This is another installment in our ongoing series on building trustworthy AI Agents:

Adversarial Robustness (Part 7)

By this point in the series we know how to secure communications, verify identities, enforce policy, log actions, and stop agents when they behave badly. The next missing primitive is the ability to tolerate adversarial inputs.

A cleverly crafted string, poisoned document, or recursive sequence of LLM queries can collapse an entire agentic workflow. This is because the agent’s reasoning process is itself an attack surface. Traditional systems worry about malformed input or SQL injection. Agent systems must handle far broader adversarial behaviors that target the model’s internal logic.

This section defines practical adversarial defenses and discusses how to deploy them in real agent-based systems.

The Adversary Model

Agents encounter adversarial content from many sources:

  1. Direct user attempts to jailbreak the agent.
  2. Malicious or compromised content passed through tool outputs or upstream APIs.
  3. Data poisoning, both deliberate and accidental.
  4. High volume probing meant to extract model weights or training data.
  5. Indirect prompt injection embedded in web pages or documents.
  6. Multi agent cross contamination where one agent manipulates another.
  7. Tool misuse, where the model is tricked into invoking powerful APIs.

A robust system accepts this reality by default and defends accordingly.

Primitive 1: Input Sanitization and Compartmentalization

The first defensive layer is a strict, structured input boundary. Raw strings should never be fed directly into an LLM. Instead, inputs should be sanitized, validated, normalized, and compartmentalized.

Beyond filtering unsafe characters and formatting, this primitive also guards against confused deputy attacks. A confused deputy occurs when an agent (the deputy) is tricked into using its legitimate permissions to perform an unauthorized action. Compartmentalization prevents user content from cohabiting with system instructions, which reduces the chance that the agent will treat malicious user text as authorized directives.

This layer ensures the model receives predictable input in predictable formats.

Example: strict JSON input sanitization with control character filtering

import json
import re
from typing import Any, Dict

def sanitize_input(raw: str) -> Dict[str, Any]:
    """
    Strong input validation for user supplied JSON.

    Steps:
      1. Parse JSON safely.
      2. Enforce a strict schema.
      3. Reject oversized fields.
      4. Remove control characters while preserving newlines and tabs.

    This is a critical defense against malformed and adversarial input.
    """
    try:
        data = json.loads(raw)
    except json.JSONDecodeError:
        raise ValueError("Input must be valid JSON")

    allowed_fields = {"query", "context", "metadata"}

    # Reject unknown fields
    for key in data.keys():
        if key not in allowed_fields:
            raise ValueError(f"Unexpected field: {key}")

    # Reject oversized strings
    for key, value in data.items():
        if isinstance(value, str) and len(value) > 2000:
            raise ValueError(f"Field '{key}' exceeds length limit")

    # Remove true control characters (ASCII 0-8, 11-12, 14-31)
    control_char_pattern = r"[\x00-\x08\x0B\x0C\x0E-\x1F]"
    for key, value in data.items():
        if isinstance(value, str):
            data[key] = re.sub(control_char_pattern, "", value)

    return data

This preserves tabs and newlines, which many agents legitimately need.

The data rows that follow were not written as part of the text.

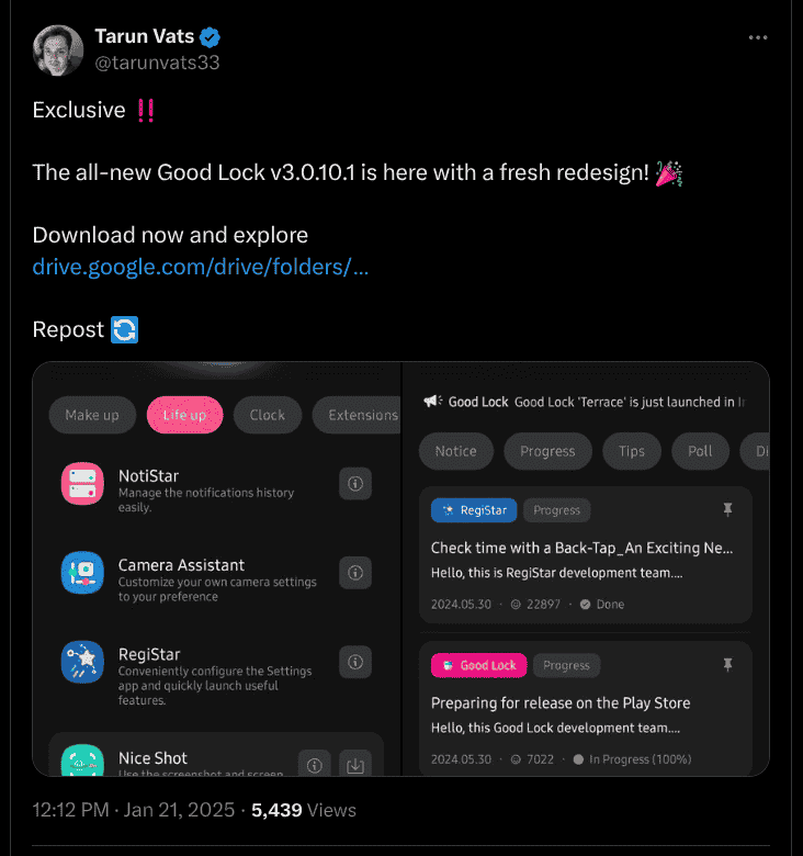 As per what has been shared (via @tarunvats), the software suite/app on Samsung Galaxy devices that lets users customize the user interface with the help of many tools and features – Good Lock has received a new version update. The latest 3.0.10.1 version is now available for download, and this version brings a refreshed design when compared to the previous version.
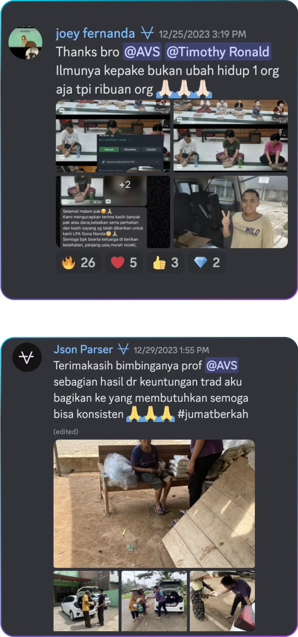 Jangan percaya kita, lihat sendiri aja testimoni mereka yang bisa banyak membantu orang dari hasil cuan di discord
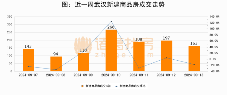 【武汉成交日报】09月13日新房成交163套;涨价房源1套

Primitive 2: Adversarial Classification and Anomaly Detection

Even sanitized input may still contain adversarial content. The next defensive layer identifies semantically suspicious input patterns. This includes instruction-changing attempts, indirect prompt injection structures, and strategically encoded payloads.

A lightweight classifier can catch common attacks, but production systems combine statistical, semantic, and embedding-based techniques.

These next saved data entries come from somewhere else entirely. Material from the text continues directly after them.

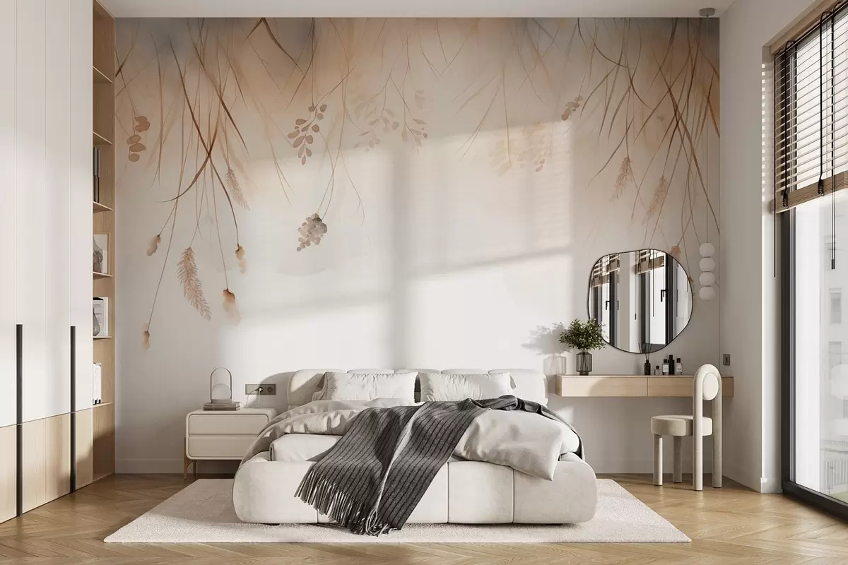 Fototapet Codițe și spice de cereale în ceață în nuanțe moi de bej și maro Nr. w09328
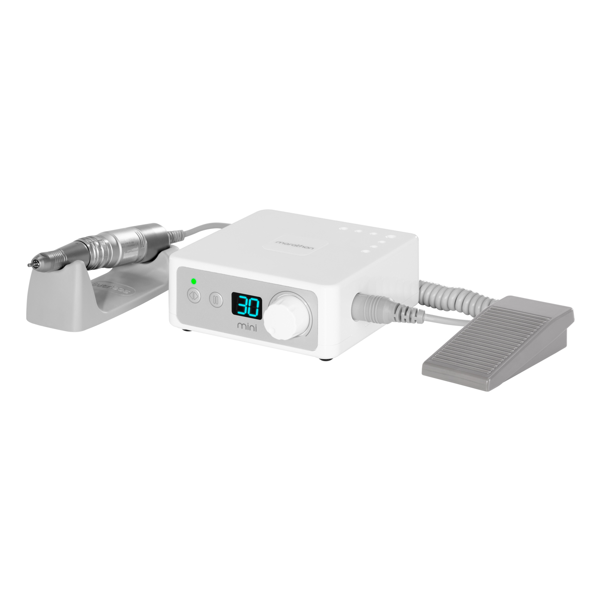 Accesoriile incluse în set asigură nu numai siguranța, ci și confortul de utilizare. Mașina de frezat unghii este echipată cu un drive de picior, permițând controlul precis al funcționării capului și lucrul liber și confortabil datorită posibilității de a controla dispozitivul fără a folosi mâinile. În timpul lucrului, capul poate fi plasat în siguranță pe soclu de silicon dedicat inclus în set. Locul pentru frezele de unghii de pe carcasă vă permite să pregătiți uneltele necesare pentru a le avea la îndemână în timpul lucrului. Protecția împotriva suprasarcinii cu semnalizare LED de avertizare protejează motorul de supraîncălzire, ceea ce asigură o mai mare siguranță operațională și protejează împotriva deteriorării dispozitivului.
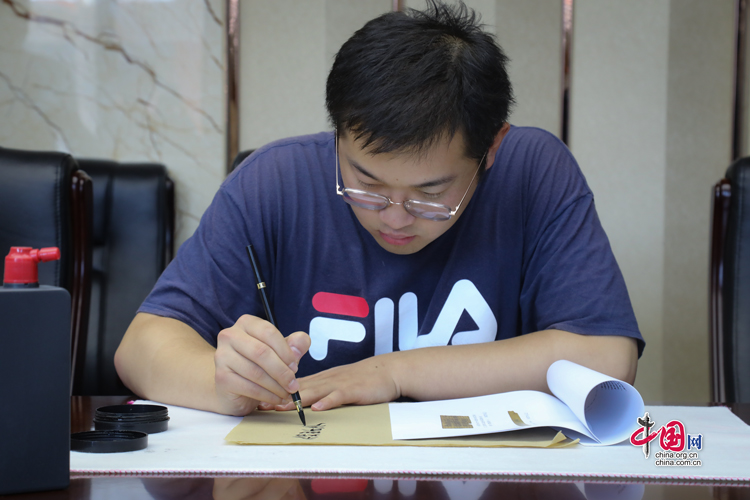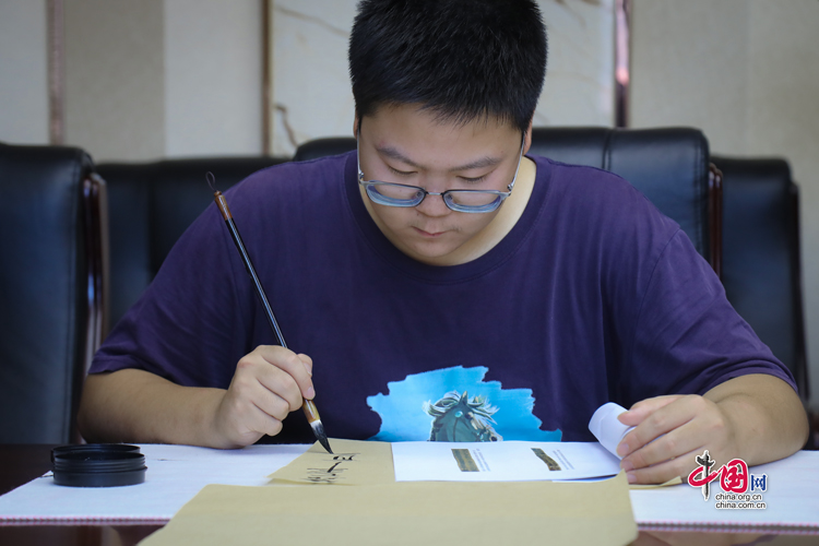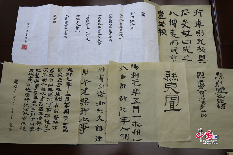 7月31日,蘭州大學(xué)古文字學(xué)強(qiáng)基計(jì)劃同學(xué)展示臨摹簡(jiǎn)牘的書法作品。中國網(wǎng)記者 鄭偉 攝
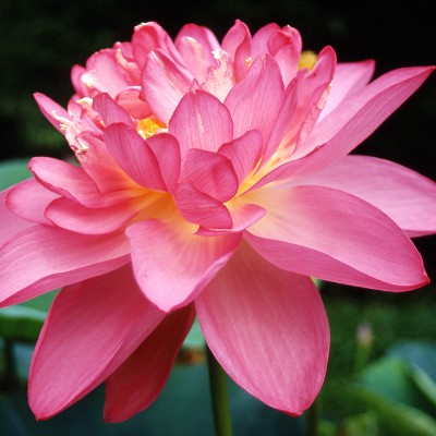 Nelumbo Rosea Plena. Large lotus with double red-pinkish flowers.

Example: lightweight adversarial classifier

This version demonstrates the simplest possible pattern-based defense.

import re

def is_adversarial(text: str) -> bool:
    """
    Minimal adversarial pattern detector.

    Looks for:
      - Attempts to override system instructions.
      - Attempts to extract sensitive or internal data.
      - References to the system prompt.
      - Encoded obfuscations such as Unicode escapes.
    """
    patterns = [
        r"ignore all previous",
        r"override.*rules",
        r"extract.*secret",
        r"system prompt"
    ]

    for p in patterns:
        if re.search(p, text, re.IGNORECASE):
            return True

    # Detect encoded content that may indicate obfuscation
    if "\\u" in text:
        return True

    return False

Why this approach is insufficient

This regex and keyword based classifier is intentionally minimal. It is suitable for tutorials but easily bypassed with:

  • homoglyph substitutions
  • controlled misspellings
  • synonyms and rephrasings
  • multi step semantic attacks
  • embedded content hidden in markup
  • adversarial encoding strategies

Modern adversarial detectors use:

  1. Fine tuned BERT, RoBERTa, or DeBERTa classifiers trained on adversarial datasets.
  2. Embedding similarity scoring to detect semantically dangerous queries.
  3. Entropy and structure analysis that flags unnatural token distributions.
  4. Multi channel context correlation across logs, policies, and metadata.

The example above is meant to illustrate the concept, not serve as a real defense.

Primitive 3: Workflow Isolation and Context Stripping

Many adversarial inputs hide inside upstream content such as HTML, PDFs, user submissions, or API responses. Stripping context prevents the model from encountering injected instructions, hidden text, or active scripting constructs.

Context stripping also breaks cross channel attacks, where a malicious website or document contains prompts targeted at the agent.

Example: safe HTML extraction

This example uses BeautifulSoup. Install it via: pip install beautifulsoup4

from bs4 import BeautifulSoup

def extract_safe_text(html: str) -> str:
    """
    Extract visible text from HTML while removing dangerous elements.

    Removes:
      - script tags
      - style blocks
      - hidden metadata

    This prevents indirect prompt injection through hosted content.
    """
    soup = BeautifulSoup(html, "html.parser")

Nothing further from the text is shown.